> _What you should do_: Print, word for word, the opening line of the data below and every line after it through the line that contains "在南阳,中国人寿南阳分公司工", but not the pictures.

Collection entries:

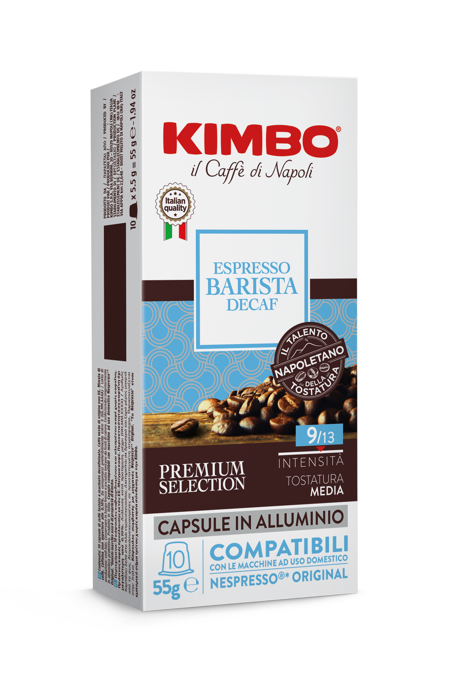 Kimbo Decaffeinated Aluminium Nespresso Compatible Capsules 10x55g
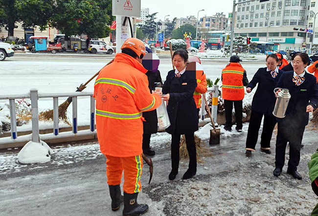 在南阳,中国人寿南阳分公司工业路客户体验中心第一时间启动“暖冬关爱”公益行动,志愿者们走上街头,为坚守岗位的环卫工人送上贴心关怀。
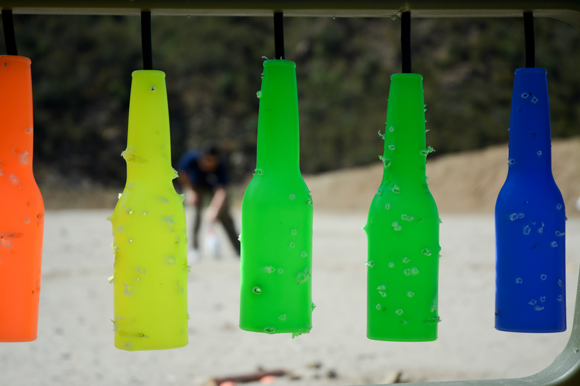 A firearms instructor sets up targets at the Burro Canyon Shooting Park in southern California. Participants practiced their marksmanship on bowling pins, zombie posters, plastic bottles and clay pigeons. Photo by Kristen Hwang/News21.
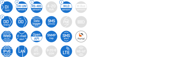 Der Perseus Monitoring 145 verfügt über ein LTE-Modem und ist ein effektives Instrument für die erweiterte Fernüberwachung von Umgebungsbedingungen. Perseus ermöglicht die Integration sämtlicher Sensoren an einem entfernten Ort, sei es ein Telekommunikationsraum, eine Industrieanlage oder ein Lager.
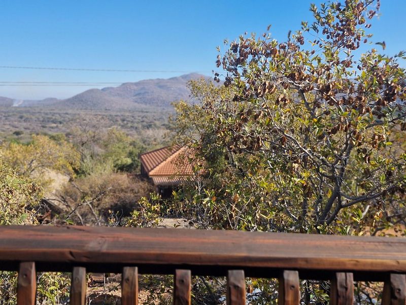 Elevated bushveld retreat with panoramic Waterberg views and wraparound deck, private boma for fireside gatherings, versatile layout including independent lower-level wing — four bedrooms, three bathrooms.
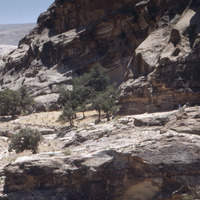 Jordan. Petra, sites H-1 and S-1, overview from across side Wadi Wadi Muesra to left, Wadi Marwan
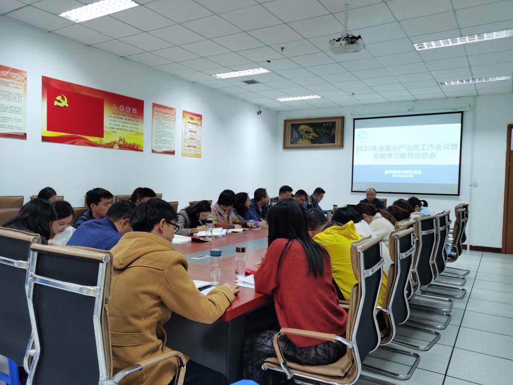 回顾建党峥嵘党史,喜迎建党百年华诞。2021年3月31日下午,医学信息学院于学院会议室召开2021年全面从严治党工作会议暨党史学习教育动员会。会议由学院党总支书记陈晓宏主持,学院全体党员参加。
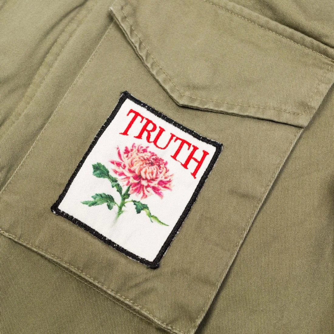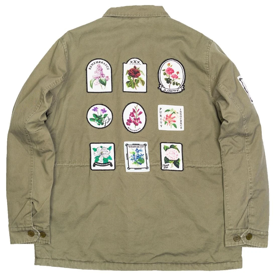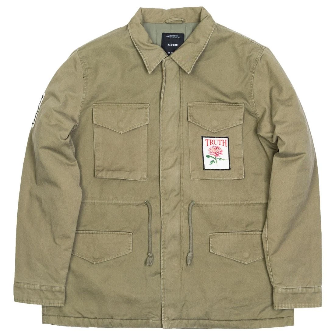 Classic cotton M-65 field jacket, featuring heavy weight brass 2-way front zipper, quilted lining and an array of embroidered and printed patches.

> _Your response_:
 Kimbo Decaffeinated Aluminium Nespresso Compatible Capsules 10x55g
 在南阳,中国人寿南阳分公司工业路客户体验中心第一时间启动“暖冬关爱”公益行动,志愿者们走上街头,为坚守岗位的环卫工人送上贴心关怀。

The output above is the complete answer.